Para el director de los Centros para la Prevención y el Control de Enfermedades de Estados Unidos, Thomas Frieden, “caminar es lo más cercano que tenemos a una droga maravillosa”. Esta simple rutina -explican los especialistas- ayuda a ejercitar los músculos y a quemar calorías, siempre y cuando se camine al menos treinta minutos diarios.


También se ha demostrado que reduce el riesgo de diabetes y el cáncer, la presión arterial y el colesterol, mantiene la agudeza mental y aumentan los niveles de endorfinas para levantar el ánimo.


Asimismo, a medida que más personas salen a las calles, mejora la economía local. Es también una manera de conocer gente y conectar con los vecinos. Los psicólogos recomiendan pasear con los hijos. Porque, aseguran, promueve la comunicación, reduce los problemas de comportamiento y mejora el rendimiento académico.

El 32,3% de la población mayor de 15 años se declara sedentaria


Los últimos datos sobre sedentarismo en Navarra, publicados en 2016, indicaban que el 32,3% de la población mayor de 15 años se declaraba sedentario, con importantes diferencias entre hombres (25%) y mujeres (40%).
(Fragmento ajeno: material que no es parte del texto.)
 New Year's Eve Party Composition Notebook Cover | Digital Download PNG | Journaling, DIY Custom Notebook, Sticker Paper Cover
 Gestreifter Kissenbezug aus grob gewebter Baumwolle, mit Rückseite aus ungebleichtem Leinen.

A partir de los 65 años, el porcentaje aumenta en ambos géneros. Y hay que advertir de que este segmento de edad -el que tiene 65 años o más- aumenta más rápidamente que cualquier otro grupo; ya en 2015 constituía el 19% del total de la población, alrededor de 121.000 personas. Se calcula que en 2020 este porcentaje será del 22%.


EL SONIDO DE UN ACORDEÓN


Mejorar la salud puede marcar la diferencia entre la autonomía y la dependencia en los últimos años de la vida. Por ello, conscientes de esta realidad, a sus 88 y 91 años, Mª Pilar Legarda y su marido, Marcos Cabezón Velasco, dedican una hora al día a caminar. Ambos muestran un gesto de perplejidad, y quizá de impotencia, al querer evocar los primeros pasos de su infancia, y no poder. Un gesto lógico, puesto que los científicos han descrito este vacío como “amnesia infantil”.
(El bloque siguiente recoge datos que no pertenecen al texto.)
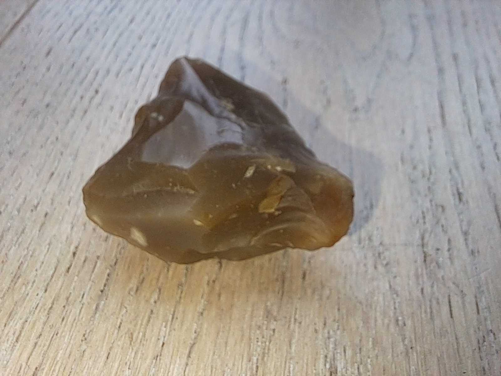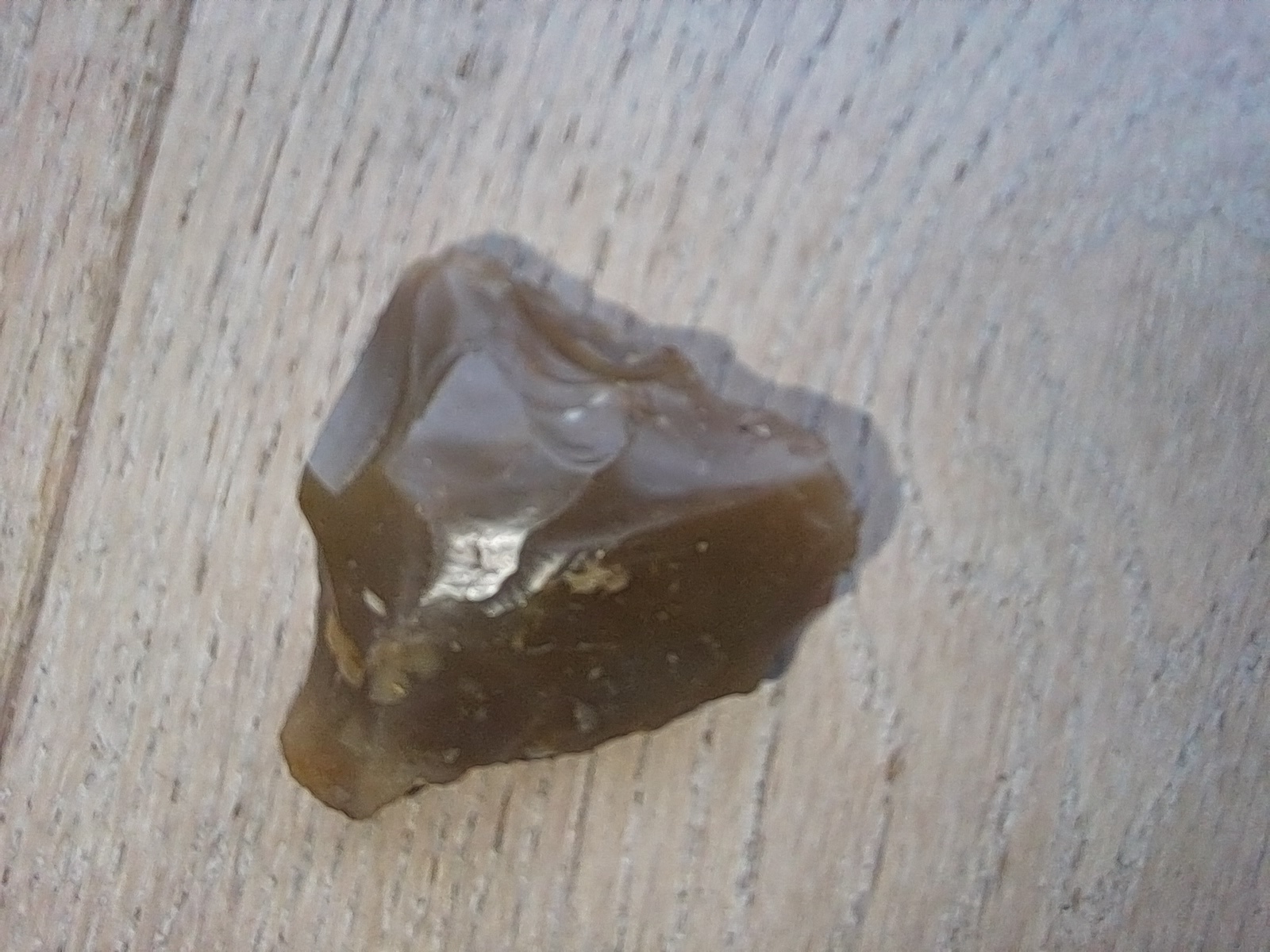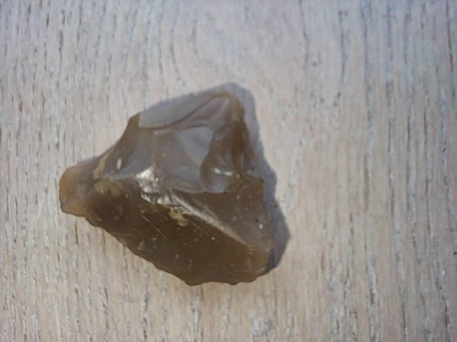 Het is een stukje vuursteen en ziet er (door mensen) bewerkt uit. Ik zal morgen mijn collega's van archeologie naar de foto's laten kijken. Misschien kunnen zij er wat zinnigs over zeggen.

Al parecer, los primeros recuerdos que tenemos, sean traumáticos o agradables, suelen corresponder, de media, a los 3,5 años de vida. Antes, sostienen, no hay nada. En cualquier caso, recuerden o no los primeros pasos de la infancia, lo único que realmente preocupa a este matrimonio es salir cada mañana de la Casa Misericordia, donde residen actualmente, y pasear una hora al día por la Vuelta del Castillo de Pamplona.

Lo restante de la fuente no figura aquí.